После провала коллекции забрезжила надежда - и опять провал, только ещё сильней, ещё глубже. А она ведь чувствовала это. Вот никогда раньше не верила в предчувствия, а тут просто спать не могла. Эта бессонница, эта тревога закончились обмороком – и тем, чего она никогда не забудет. ЕГО поцелуем. Это было как сон. Тот самый, долгожданный, но наяву. Она пришла в себя, потому что он её целовал… пусть для других и для него – искусственное дыхание... и куда он там дышал?.. а в неё жизнь вдохнул – поцелуй…
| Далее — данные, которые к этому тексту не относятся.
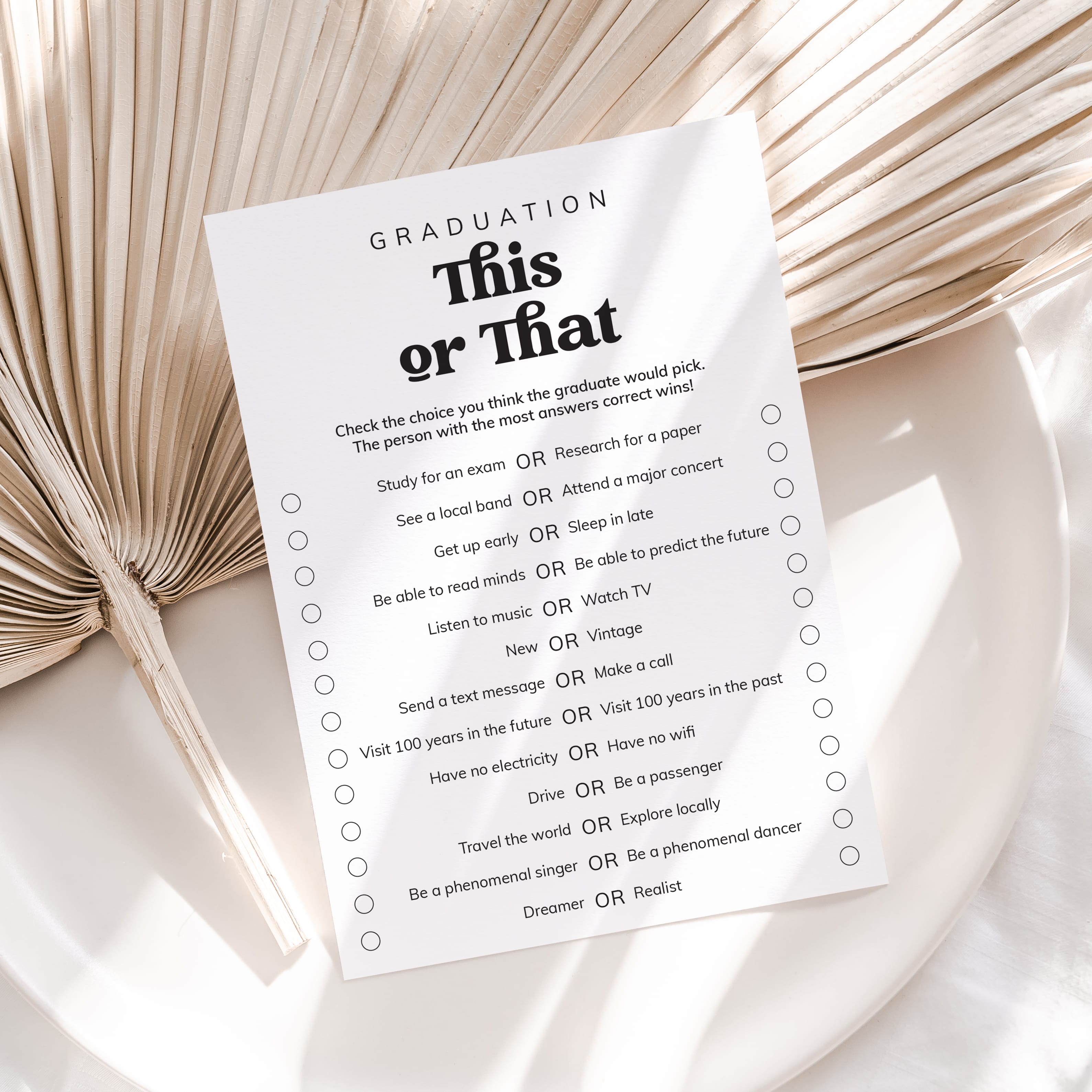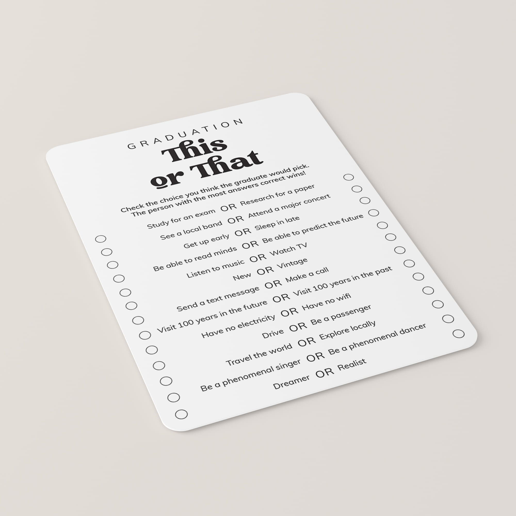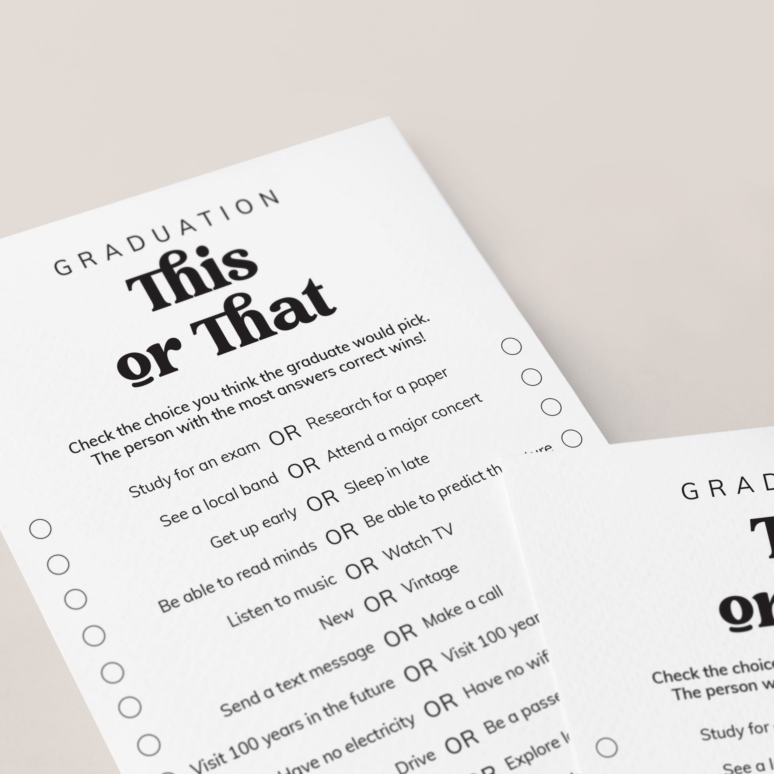 Are you looking for the perfect icebreaker to get people talking and in the party mood for your graduation party? Play Graduation This or That! After all, your guests have one thing in common: you know the graduate. This black and white This or That graduation game, featuring a creative vintage script, is the perfect fit for any graduation party.
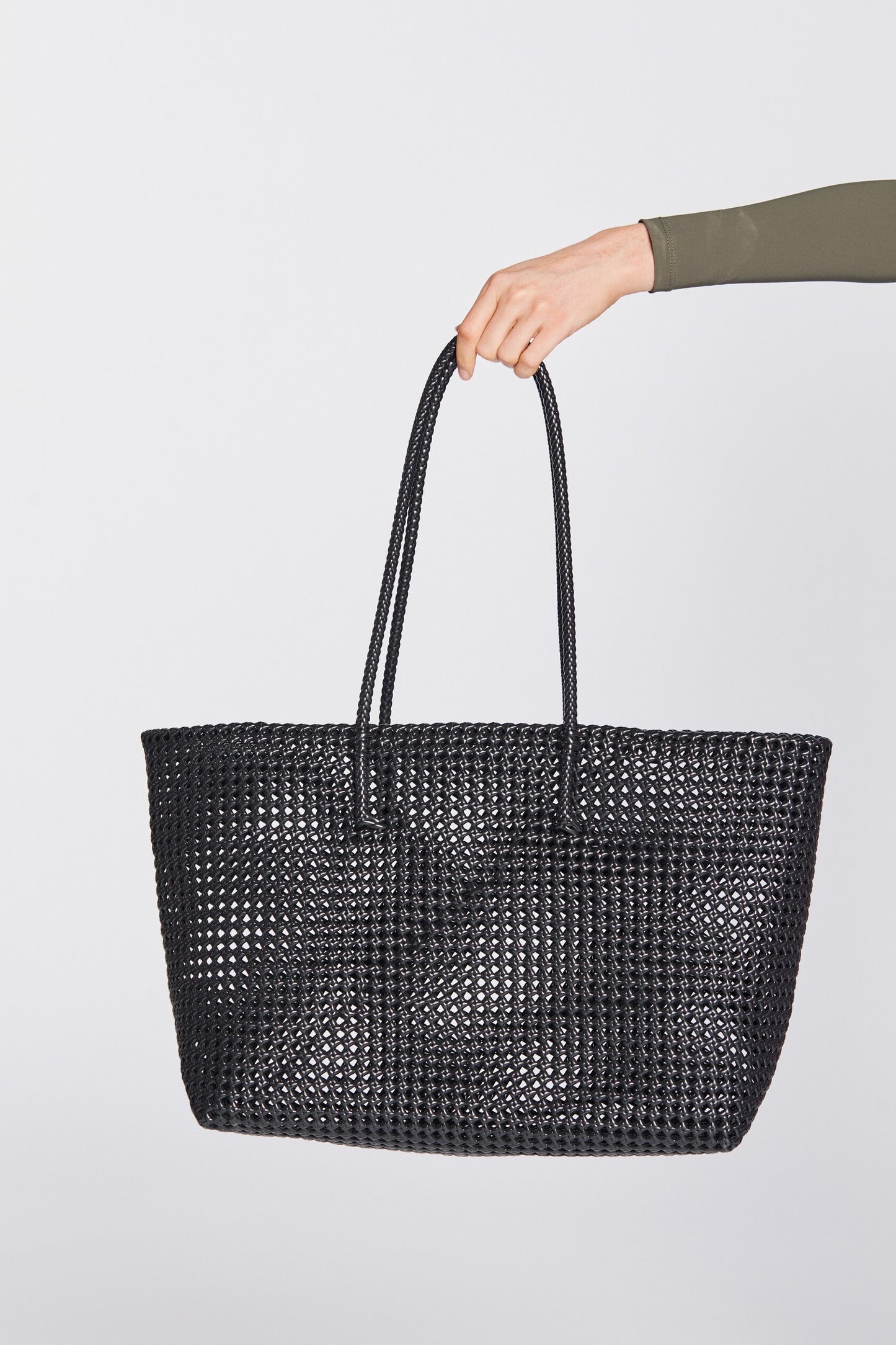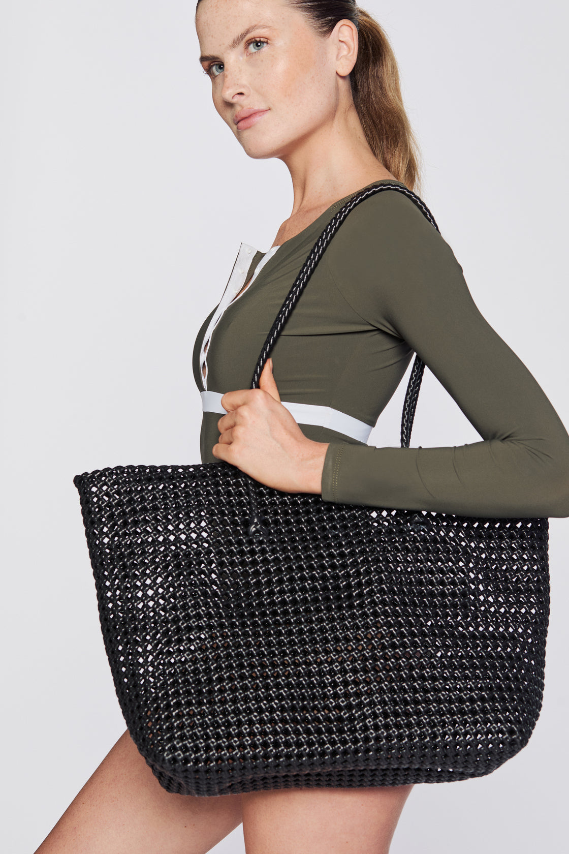 Timeless, elegant, and versatile – the Riva beach bag transitions effortlessly from beach to city to even office. Handwoven in Southern India from recycled plastic wires, this traditional Koodai bag is completely maintenance-free. Water-resistant and sand-proof – just shake, and the sand falls right through!
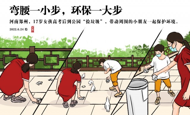 近日,河南郑州绿城广场鸽子喂养区附近,一名身穿红裙的女孩儿引起了周围游客的注意,她多次弯腰将地上的垃圾捡起扔进垃圾桶,她的行为也带动了周围的小朋友一起参与到“捡垃圾”活动中。据悉,这位女孩今年17岁,刚刚参加完高考。因为之前在广场游玩时发现地上会有废弃的包装袋,所以趁着刚高考完时间比较多,到广场上捡一点垃圾,希望可以为小朋友做个榜样。少年强则国强!
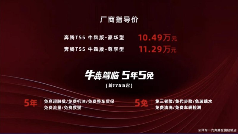 目前,新升代购车心理日趋理性,购车已不单纯是“购买”,他们更看重用车、养车时的服务。为此,一汽奔腾持续践行“为用户出行创造惊喜”的品牌理念,针对奔腾T55牛犇版推出10.49-11.29万元售价,极大为用户降低购车门槛。在此基础上,推出“牛犇驾临,5年5免”购车政策,进一步减轻购车压力。
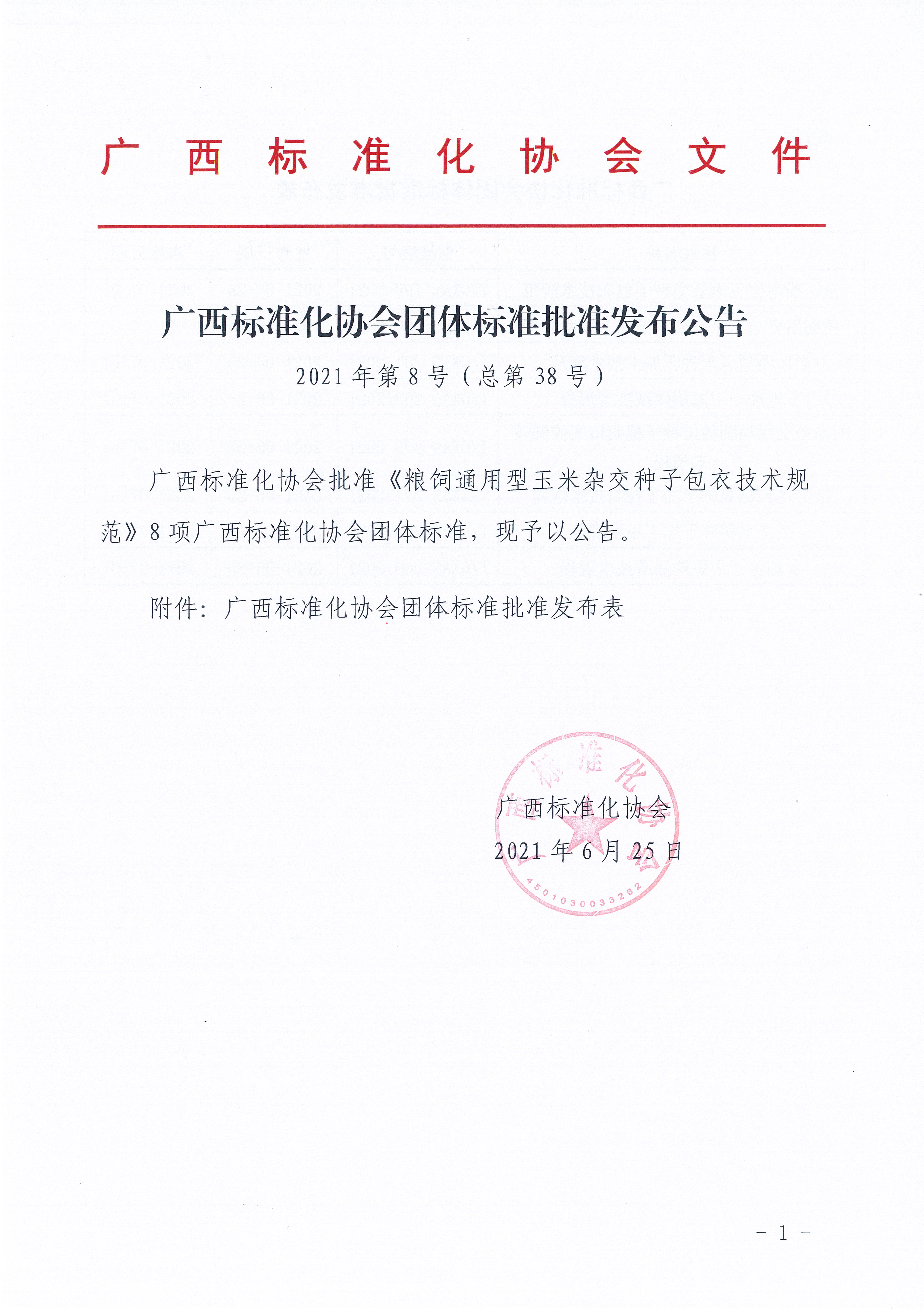 广西标准化协会团体标准批准发布公告《2021年第8号(总第38号)》

Это была печать, навечно скрепившая: она – не сама по себе. Она - его и для него.
Печать первая…
Второй, уже настоящей печатью он «отдался ей», а на самом деле – ещё больше привязал к себе. Расписался на закладной, - это был залог его доверия и её служения. Эти чувства, связывающие их, их близость, взаимопонимание обрели документальный облик, теперь имели официальное подтверждение: печать нотариуса.
А предвестником был договор займа, и Зорькин всё не верил, всё видел в действиях Андрея подвох. Это что, программа «Розыгрыш»? Он вообще в своём уме? Зачем – ему – это - нужно? Ты понимаешь, во что впутываешься, Пушкарёва?!..
А она вспоминала, как в последнюю секунду забрала у Андрея договор.
- Андрей Палыч, вы сомневаетесь? Вы хотели этого, вы хо-ти-те - этого? Ведь вы фактически передаёте «Зималетто» мне…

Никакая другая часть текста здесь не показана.